Kosovo's NATO-led peacekeepers moved troops through the Serb-dominated north yesterday, an Agence France-Presse (AFP) correspondent reported, amid high tensions with Serbia on the eve of a vote to create a Kosovo army.
A spokesman for the international NATO-led Kosovo Force (KFOR), which guarantees the security of the former Serbian province, confirmed the deployment yesterday and told AFP it was part of "normal exercises all around Kosovo."
"We have a couple of convoys moving around. One of them is going today to the north," said KFOR spokesman Vincenzo Grasso, adding that there was no reason for alarm.
About 50 KFOR vehicles moved through the city of Mitrovica and headed north in the direction of Leposavic, a mostly Serb municipality, AFP said.
The top local official in Leposavic municipality confirmed troops were in the village of Dren yesterday morning. "They are heavily armed and equipped to prevent demonstrations," Zoran Todic added.
The movement comes as lawmakers in Kosovo prepare to vote today to transform the lightly-armed domestic Kosovo Security Force (KSF) into a regular army. Though that process could take years, Serbian politicians maintain that a Kosovo army could be used to expel the remaining minority Serbs from Kosovo, an accusation denied by Kosovar leaders who rely on EU and U.S. support in reforms and development of the impoverished, small Balkan state.

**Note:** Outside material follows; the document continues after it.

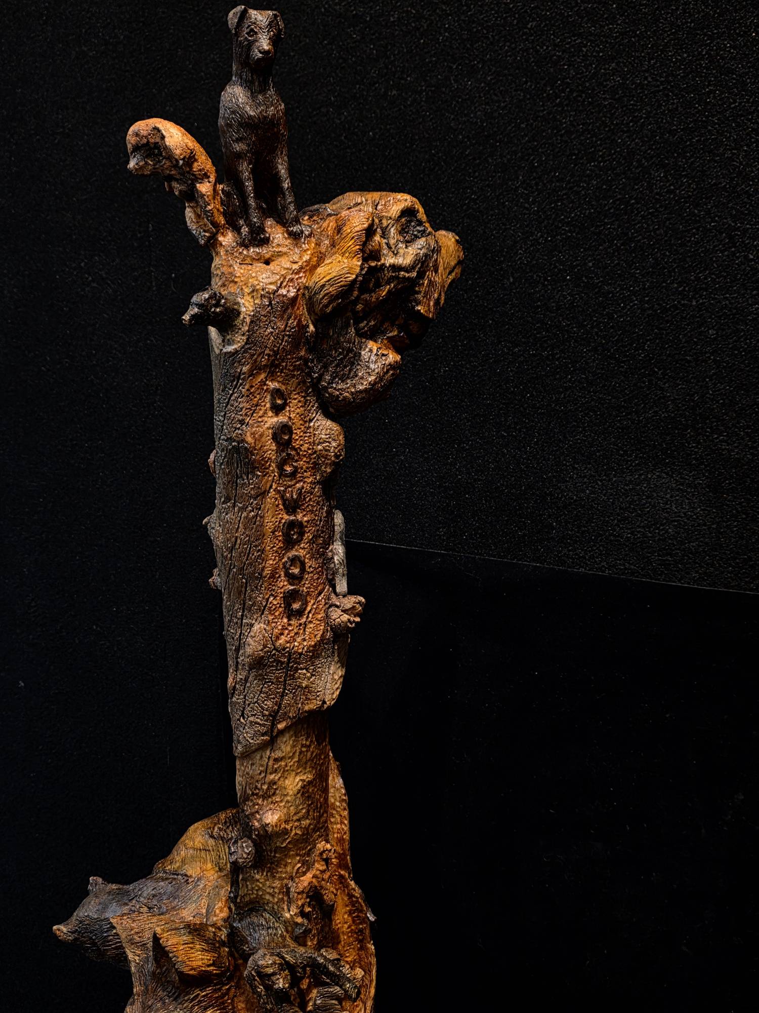 A Lodge Pole Pine story Pole hand carved by Charlie Smalligan -  Adorned with hand carved dogs of all kinds 31" x 18" x 23"

Pristina has struggled to exercise its authority in Serb enclaves that still pledge allegiance to Belgrade. In 2012, there were violent riots in northern Kosovo after Pristina authorities sent police to take control of two border crossings with Serbia.
The landlocked Balkan territory of 1.8 million, which declared independence in 2008, is still guarded by NATO troops still stationed there nearly two decades after the end of the war. KFOR, which has more than 4,000 troops, has been deployed in Kosovo since the end of the 1998-99 war between Serb forces and Kosovo Albanian separatists, which left more than 13,000 dead. NATO warned earlier it would have to reassess its security mission in Kosovo if Pristina goes ahead with plans to create its own army. NATO chief Jens Stoltenberg said Kosovo's plan was "ill-timed," went against the advice of many NATO countries and would have "serious repercussions."